Now there are many evaluation metrics for summarization in the NLP world, the natural language processing world, but all of them may not be relevant for us from a security summary standpoint. We all know that LMS generate coherent English data. So what we want is metrics that are relevant from a security summary perspective. And we have two types of metrics that we actually use here. One is the recall metrics which ensure that any important information in the session is actually covered in the summary.
And then we have precision metrics which ensure that anything that actually appears in the summary actually happened in the session, which means we are not hallucinating. So specifically we use the critical action recall, which ensures that any critical actions that happen in the session actually show up in the summary and service recall, which ensures that any services that the user used through the session actually show up somewhere in the summary.
And then for precision we have action precision, which measures whether every action that shows up in the summary actually happened in the session. And service precision, which checks whether all the services that appeared in the summary were actually invoked by the user in the original session. So let me give you a small example of, you know, the evaluation metrics here. So we talked about how charge GPT generated a summary which had no dynamo DB in it. This is exactly what we wanna prevent with these evaluation metrics.
So if you look at the critical action recall metric, it would ensure that the dynamo DB delete table,
It's
Back. Yeah. So it would ensure that for instance, the Dynamo DB delete table, which is an important action in the session is not missed, right? So this is exactly what we are trying to do here.
All right, so, so thanks Lavanya. So with these great metrics that she's talking about, now you get into possession where you can really create some very nice positive reinforcement loops, right?

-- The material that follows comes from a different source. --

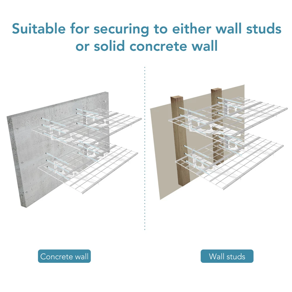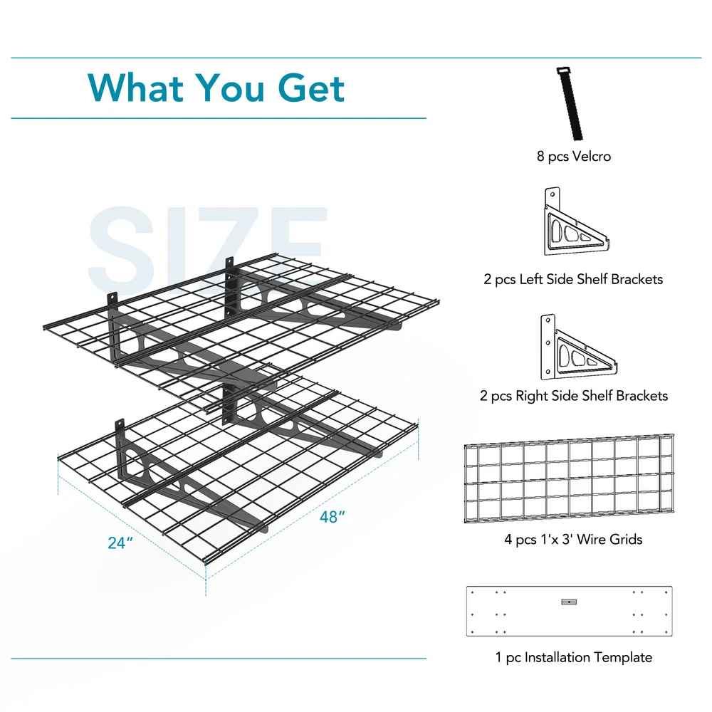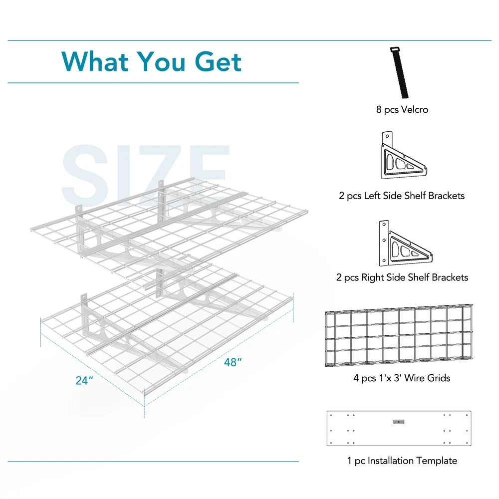 Home Payment Shipping Return Policy About Us Contact Us Feedback Title Other Standing Desk Desk Riser & Desk Converters Desk Bike Ergonomic Office Chair Fitness Key Features Heavy gauge cold-rolled steel Easy one-person installation More stable with the buckle design with velcros Top quality mounting screws Compatible with different joist spacing Compatible with wood joists and concrete ceiling Easy one-person installation with all hardware included Installation Template helps mount holes; Bubble Level helps get perfect horizontal location. (Assembly needed DIY project - Composition of four 1'x3' shelves per tier) More Sturdy and Stable the buckle design with velcros prevents the brackets from falling or bending. Heavy gauge steel construction provides safety loading up to 400lbs total. High quality screws provided. All hardwares have gone through strict tests. Can NOT be mounted to metal wall. Suitable for wood studs/joists and concrete wall. Item Weight: 35.8 pounds Product Dimensions: 24 x 12.2 x 48 inches About us Return Policy Warranty Info Shipped About us Our Mission Make healthy life easier. To introduce creative solution geared towards creating better working environments that promote efficiency, productivity, and wellbeing. The goal is to help our clients achieve new heights of wellness and strike the perfect work-life balance through innovative and ergonomic solutions. Our Products We offer a wide range of ergonomic products for your home and office. All products are carefully engineered using the best materials to boost health and performance. Our Guarantee FlexiSpot never compromises on quality. Our products have been thoroughly tested with numerous Fatigue tests, Pressure Tests, Vibration Tests, and Temperature Tests. All of the products satisfy the most stringent qualifications around the world. Our Team We have over 600 innovative R&D engineers who imagine, design, and implement ergonomic workplace furniture solutions. Thanks to our R&D engineers, we have an impressive count of 1000 patents on record! At FlexiSpot, you’re guaranteed exceptional customer service regardless of your geographical location. Our customer service team is available 24/7 to attend to your needs all across the globe. We have numerous warehouses around the globe, including 13 in the US, guaranteeing a quick and convenient delivery experience for our customers. Return Policy General information for all returns All items must be returned in their original factory packaging and in “like new” condition. Items returned in other than “like new” condition will be subject to a 10% restocking fee. The restocking fee will be deducted from your refund. A Return Merchandise Authorization (RMA) number is required for all returns. Returns are processed and credited within 7 to 10 days of receipt. Returned items are subject to inspection prior to issuing a refund. You’ll be responsible for shipping the products to the return address provided with the RMA number. All returned items must be disassembled and repackaged as they were originally received. Items not returned in this condition may be subject to additional fees. We strongly suggest using a traceable and insurable shipping method when making your return. We are not responsible for returns lost or damaged in transit. 30-day risk-free policy You are free to return any item within 30 days of receipt. A 30-day risk-free policy applies to all items. No restocking fee is applied for items returned in “ like new ” condition. No shipping fee is applied for the return of the item. The 30-day risk-free policy is only for orders within the continental United States. Return after 30 days of receipt You are also free to return any item after 30 days of receipt. We want you to be completely satisfied with your FlexiSpot purchase, and we strive to provide expert guidance to help you choose the best possible products for your needs. We also understand that sometimes a product just doesn’t quite fit. That is why we make returns easy. Please send us an email with your return request along with the order number included. Also, please let us know the reason for your return. We will issue a Return Merchandise Authorization (RMA) number. Warranty Info Warranty Your satisfaction is our first priority. That's why we're pleased to offer warranty that covers defects in material or workmanship on all new FlexiSpot products This warranty applies solely to the original purchaser and is non-transferable. Only consumers purchasing FlexiSpot products from authorized FlexiSpot retailers or resellers may benefit from our limited warranty. What is Covered? FlexiSpot Height Adjustable Desk Frames All height adjustable desks purchased on or after April 1, 2022 include a limited, non-transferable warranty. We hereby cover all FlexiSpot height adjustable desks for a period of: 15 years: all metal and mechanical parts and components, including motors and electrical components of FlexiSpot Standing Desk E7 FlexiSpot Standing Desk E8 10 years: all metal and mechanical parts and components, including motors and electrical components of FlexiSpot Standing Desk E3 FlexiSpot Standing Desk E5 5 years: all metal and mechanical parts and components, including motors and electrical components of all other height adjustable desk except for E3, E5, E7, and E8. Desktop All Bamboo desktops purchased on or after April 1, 2022, include a 5-year warranty. All Chipboard, Fiberboard, Solid wood and Solid wood texture desktops purchased on or after October 5, 2016, include a 2-year warranty. Desktop FlexiSpot Sit-Stand Desktop Workstations FlexiSpot Sit-Stand Desk Converters have a 5-year warranty for the frame and desktop. And a 3-year warranty for the gas spring system and other mechanisms. Desk Bikes All desk bikes purchased on or after October 5, 2016, include a 1-year warranty. Chairs All FlexiSpot chairs purchased on or after October 5, 2016, include a 3-year warranty. Adjustable bed frame Al

Either with human, human generated labels or, or, or scores of the summaries that we're creating, or just by using automated metrics to tell us whether we're producing better summaries and encourage the model to get better and better. And so with that in mind, let's just recap. I think these getting good quality summaries out of cloud provider logs is really helpful because they're very painful to look at and it really gives you a good sense of what the identities are doing when they're on the cloud or in any other context and, and yet it's not so easy as you might hope, right?
So there's the kind of three key challenges that we can, that if we can overcome, we get good summaries.
The first is we need to know what we're looking for and be able to qualify that so that we can encourage the model to give us more of what we want. The second is we need to give it the right input and understanding and context. We can understand the log data that we're throwing at it. And finally we need to be able to create good positive feedback loops by having good metrics to tell us when the model is giving us good results.
So with that in mind, we're hanging out right here in the lobby all, all the time. We'd love to come and talk to you and show us some of the summaries we've been able to create out of these logs and also just the work we're doing to help get, get I customers to a position of least privilege with with their in the cloud and in SaaS applications. So thank you and happy to take any questions you might have.
Yes, a big thank you to both of you. A really interesting session here. So thanks for sharing your expertise.
Again, if you have questions, you can see them at their booth just outside. So thank you very much. Thank you.